The reverse die of the present specimen is rotated about 40 degrees counterclockwise from normal coin turn with respect to the obverse. In contrast, the Brand-Johnson-ANA specimen, No. 2 in the census which we auctioned in 2003, shows only a slight counterclockwise rotation, on the order of 10 percent. The reverse of this piece also shows considerable evidence of the remaining Saint-Gaudens double eagle obverse undertype on the reverse, as follows: In the central shield area and to the rim below and on either side, traces of Liberty, the peripheral stars, the rock, the gown outline, the ASG monogram, and portions of a date (possibly 1916) appear, the last seen beneath the AR of DOLLAR. The juncture of Liberty’s head, neck, and left (facing) arm appear under TAT and IN / WE. (See closeup photos.)

While the logical date to appear is, of course, 1915 rather than 1916, the last digit in the undertype date, while far from bold, appears tantalizingly to have a top loop that much more resembles a 6 than a 5. No trace of a mintmark appears above the date. This piece also has tremendous eye appeal, with generous luster radiating from yellow-gold surfaces that occasionally deepen to orange-gold.

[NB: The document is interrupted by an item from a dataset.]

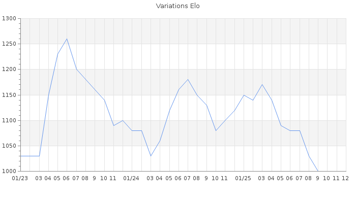 Date d'inscription : 01/04/06. Donateur pour EchecsEmail : Non ( Cliquez ici pour soutenir EchecsEmail. ) Elo non arrondi:1000 ( 454 sur 454 joueurs ) Nombre de victoires :1276 Nombre de nulles :91 Nombre de défaites :2845 Temps de réponse moyen par coup : 1J 22H 29M 55S ( Moyenne sur 84 coups ). Rd ( Un petit rd indique un elo fiable ) : 71 Magic Elo:1163.95 Magic Rd : 80 Elo maximum atteint ( en étant classé ) :1570 Elo maximum atteint cette année :1170 Nombre coups joués : 128014 Inscrit dans l' équipe:No Game No Life Classement coupe : 104 Points coupe : 83.09 Classement Coupe Magic Chess : Inactif Points Coupe Magic Chess : 0 Tournoi échelle : Inactif. Tournois gagnés : 03/02/2025 : Cat 0 : Victoire dans le tournoi n°26310 29/09/2023 : Cat 0 : Victoire dans le tournoi n°25064 07/08/2023 : Cat 0 : Victoire dans le tournoi n°24937 02/05/2022 : Cat 0 : Victoire dans le tournoi n°23803 14/08/2019 : Cat 0 : Victoire dans le tournoi n°19705 10/05/2015 : Cat 0 : Victoire dans le tournoi n°17416 21/03/2013 : Cat 0 : Victoire dans le tournoi n°11871 28/06/2012 : Cat 1 : Victoire dans le tournoi n°10213 22/05/2012 : Cat 0 : Victoire dans le tournoi n°9762 06/09/2011 : Cat 1 : Victoire dans le tournoi n°8791 16/05/2011 : Cat 0 : Victoire dans le tournoi n°8613 07/05/2011 : Cat 0 : Victoire dans le tournoi n°8597 08/04/2011 : Cat 0 : Victoire dans le tournoi n°8510 23/12/2010 : Cat 0 : Victoire dans le tournoi n°7942 27/11/2010 : Cat 0 : Victoire dans le tournoi n°7925 26/09/2010 : Cat 0 : Victoire dans le tournoi n°7566 04/09/2010 : Cat 0 : Victoire dans le tournoi n°7632 01/09/2010 : Cat 0 : Victoire dans le tournoi n°7617 13/03/2010 : Cat 0 : Victoire dans le tournoi n°7004 08/03/2010 : Cat 0 : Victoire dans le tournoi n°6966 08/12/2009 : Cat 0 : Victoire dans le tournoi n°6621 12/10/2009 : Cat 0 : Victoire dans le tournoi n°6197 25/09/2009 : Cat 0 : Victoire dans le tournoi n°6213 17/06/2009 : Cat 0 : Victoire dans le tournoi n°6009 17/06/2009 : Cat 1 : Victoire dans le tournoi n°5674 18/11/2008 : Cat 1 : Victoire dans le tournoi n°5357 12/07/2008 : Cat 1 : Victoire dans le tournoi n°5051 13/03/2008 : Cat 1 : Victoire dans le tournoi n°4602 07/03/2008 : Cat 1 : Victoire dans le tournoi n°4607 10/12/2007 : Cat 1 : Victoire dans le tournoi n°4493 Nombre de tournois gagnés :30

This piece is fairly conclusive evidence that, contrary to the prevailing view, chicanery and profiteering at the Mint did not die out in the 19th century. Farran Zerbe’s reputation as a numismatic huckster is widely known, but others (possibly excluding Zerbe) may have been involved in the production of this piece--possibly some of the same personnel responsible for the 1913 Liberty nickels. An unparalleled opportunity for the numismatic researcher or collector of rare patterns.






Census:

Only two pieces are known.
1. Fred E. Olsen Collection (B. Max Mehl, 11/1944), lot 1769, which realized an astounding $4,250; King Farouk; Palace Collections of Egypt (Sotheby’s, 1954), lot 309; Norweb Collection (Bowers and Merena, 11/1988), lot 3307. The present specimen.

2. Virgil Brand; Burdette G. Johnson; Celina Coin Co.; A. Friedman; ANA (New England Rare Coin Auctions, 7/1979), lot 1365; Sound Beach Collection (Heritage, 11/2003), lot 11252, which brought $165,000.85; Southern Collection; Simpson Collection. PR64 NGC.

From The Lemus Collection, Queller Family Collection Part Two.